You might want to find this information programmatically, for which you might need to rely on Python’s numba module (open source compiler for translating Python and NumPy code into a fast machine code). Here’s a Python script (thanks to StackOverflow post) that can help you identify the number of CUDA cores in your GPU:
from numba import cuda
# Dictionary mapping compute capabilities to cores per SM
cc_cores_per_SM_dict = {
(2, 0): 32,
(2, 1): 48,
(3, 0): 192,
(3, 5): 192,
(3, 7): 192,
(5, 0): 128,
(5, 2): 128,
(6, 0): 64,
(6, 1): 128,
(7, 0): 64,
(7, 5): 64,
(8, 0): 64,
(8, 6): 128,
(8, 9): 128,
(9, 0): 128
}
# Get the current device
device = cuda.get_current_device()
# Retrieve the number of SMs
num_sms = device.MULTIPROCESSOR_COUNT
# Retrieve the compute capability
compute_capability = device.compute_capability
# Get the number of cores per SM based on compute capability
cores_per_sm = cc_cores_per_SM_dict.get(compute_capability, "Unknown")
# Calculate total cores
if cores_per_sm != "Unknown":
total_cores = cores_per_sm * num_sms
print(f"GPU Compute Capability: {compute_capability}")
print(f"Number of SMs: {num_sms}")
print(f"Cores per SM: {cores_per_sm}")
print(f"Total CUDA Cores: {total_cores}")
else:
print(f"Compute capability {compute_capability} is not recognized.")
SM here in the code refers to Streaming Multiprocessor (SM) which is a fundamental unit of parallel processing in GPUs (analogous to cores in CPUs).

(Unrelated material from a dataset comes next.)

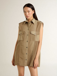 Women's shirt dress in sand-colored denim with military details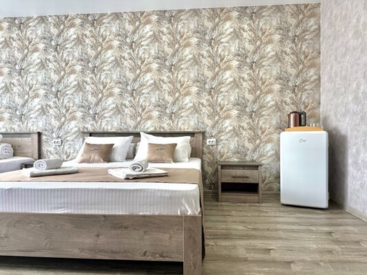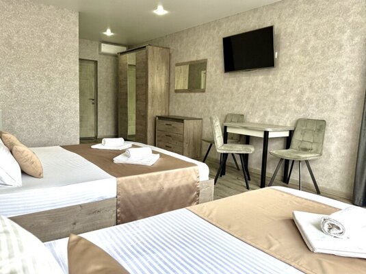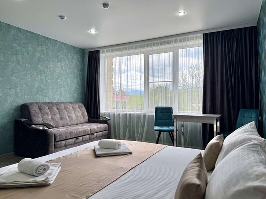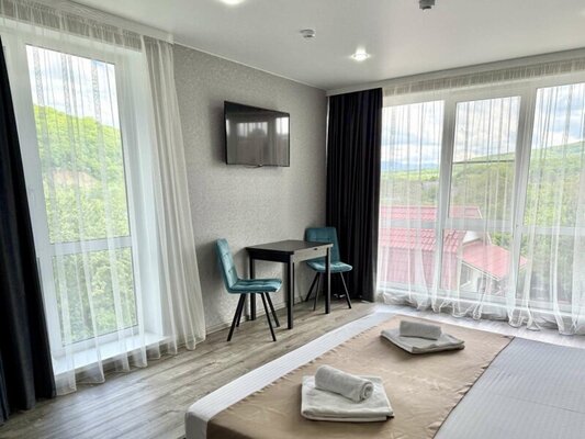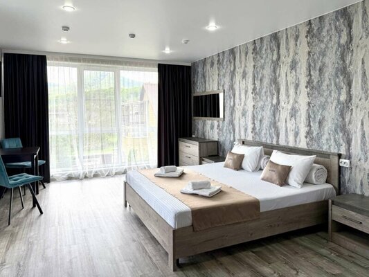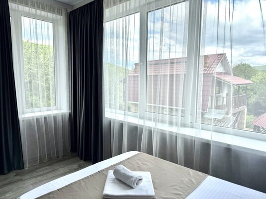 К вашим услугам просторные и комфортабельные номера, оформленные с любовью к деталям. В каждом номере есть все необходимое для полноценного отдыха: кондиционер, современная мебель и качественный текстиль. Начните день с вкусного завтрака, который можно насладиться в уютной обеденной зоне или на свежем воздухе. А после активных прогулок расслабьтесь в русской бане на дровах или хамаме. Для любителей пикников предусмотрены мангальные зоны и летняя терраса, а для удобства гостей – бесплатная парковка.

Each SM contains multiple CUDA cores, along with other resources like shared memory and instruction schedulers. SMs are responsible for executing instructions and performing computations in parallel, making them crucial for the GPU’s performance.

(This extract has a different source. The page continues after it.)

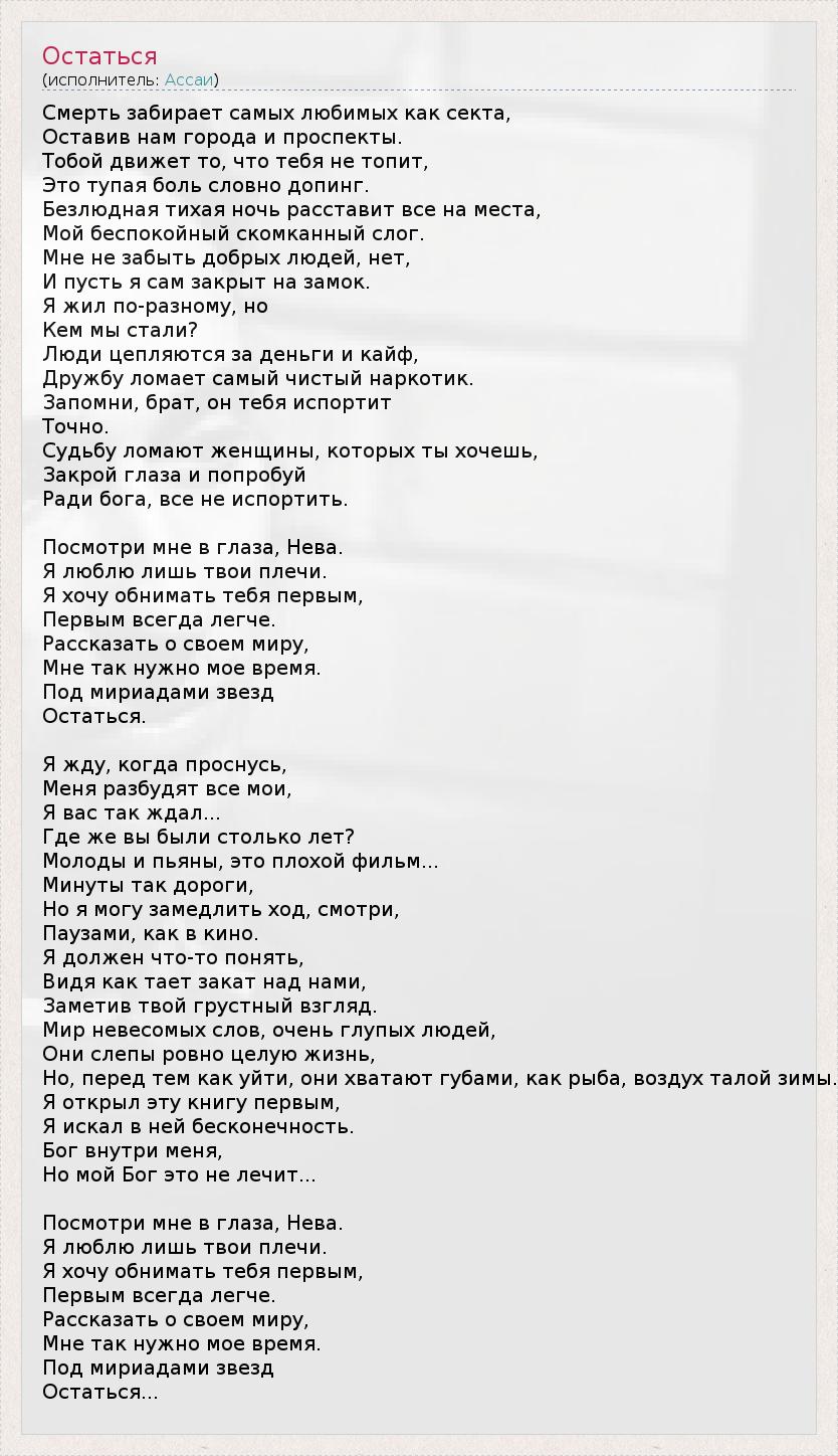 А как ты думаешь, о чем песня "Остаться" ?

This script will help you identify the number of CUDA cores in your GPU. This is the output I got for my NVIDIA GeForce RTX 2060:
GPU Compute Capability: (7, 5)
Number of SMs: 30
Cores per SM: 64
Total CUDA Cores: 1920
With these steps, you can at least inspect your GPU and understand its specifications. This knowledge will be crucial as you dive into GPU-accelerated data analysis, machine learning, and other computational tasks. Happy computing!